O vestido da primeira comunhão fazia calor e a renda dava comichão. Apesar disso, o olhar da mãe, embevecido como são os olhos maternos sabem ser, num misto de mel, amor e condescendência, obrigavam a esconder o amuo, entre as melenas da trança inglesa que compunham o quadro surrealista que ali se montava.
Era um suplício que o vestido, apesar de mais curto, ainda servisse um ano depois. "Que linda", garantia a mãe, inspecionando as unhas, enquanto a pequena olhava desgostosa para as árvores e muros e tudo o que não podia trepar naqueles preparos. O coberto papa, posto no chão para evitar desastres até a hora da procissão, provocavam cócegas nos pés pequeninos, mas não faziam esquecer os puxões que a trança apertada obrigava. Que tinha de ser ou, em menos de três minutos, o cabelo ficava em desalinho, explicava a mãe. Não via grande problema, mas a progenitora arregalava os olhos. Que era um dia especial.

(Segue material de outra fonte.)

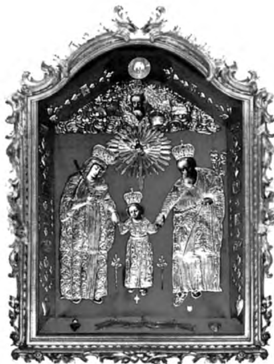
CUDOWNY OBRAZ ŚWIĘTEGO JÓZEFA W BAZYLICE KALISKIEJ Pl. Św. Józefa 7, 62-800 Kalisz tel. (062) 757 58 22

Święty Józef to niedościgły wzór życia rodzinnego, Jemu to od samego początku powierzyłam w opiekę swoją rodzinę. Nie pamiętam, aby ten Przczysty Oblubieniec Najświętszej Pani nie przyszedł mnie, czy moim bliskim z pomocą. Mogłabym dać wiele przykładów Jego orędownictwa, sięgając po listy umieszczone za obrazem. Jedno z tych nadzwyczajnych wydarzeń zasługuje na uwagę szczególną. Cofnę się więc kilka lat wstecz. Otóż, kończyliśmy z mężem przygotowywanie wieczerzy wigilijnej. Lada moment mieli przyjść do nas synowie z rodzinami, z małymi dziećmi, by wspólnie
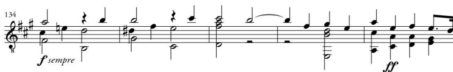
Primjer 17b IV. Allegro non troppo e serio , prijelazni dio, t.134 – t.138

A avó concordava e ia tirando medidas ao ser angelical à sua frente. Que escondia arranhões, nódoas negras e esfoladelas debaixo de rendas que faziam comichão e davam calor. Que trepava barrancos, subia a árvores e calcorreava as ruas da aldeia de bicicleta até o sol se esconder e a mãe chamar para jantar. E que sonhava com o dia da Festa para jogar à apanhada e às escondidas por cima do palco ou por baixo do coreto. Nem parecia a mesma. Mas primeiro, teria de ir à missa, que era longa e tinha músicas que pareciam não acabar. Não compreendia o fascínio dos adultos com a solenidade da cerimónia. Porque não podia ser uma missa igual às outras?, perguntava. A avó não dava hipótese às dúvidas existenciais. "Que olhasse para Jesus". Olhava, mas aborrecia-se, ao menos Jesus não deveria ter calor ali na cruz, com um pano que parecia uma fralda. Ria-se. A avó fingia que não achava graça e lançava o olhar reprovador das avós, uma mistura de canela, delicadeza e impaciência. E por fim, lá seguiam na procissão, ao lado do andor, as meninas da primeira-comunhão, para deleite das mães e avós da freguesia. Mas a pequena só pensava que no ano seguinte talvez o vestido já não lhe servisse e certificava-se que as mangas já estavam a ficar curtas. Não suportava as rendas e sentia o olhar trocista dos primos mais crescidos. Pensava no algodão doce que iria ganhar pelo bom comportamento e tolerância ao desconforto. Talvez um colar de doces. Missão cumprida. A mãe estava orgulhosa, com os elogios, no adro da igreja, à candura da menina, que se impacientava, para mudar de roupa e poder brincar. Que tinha sido a última vez, pensava. Até que ouve a senhora Maria costureira garantir que o vestido tem folga, que ainda consegue arranjar para o ano seguinte.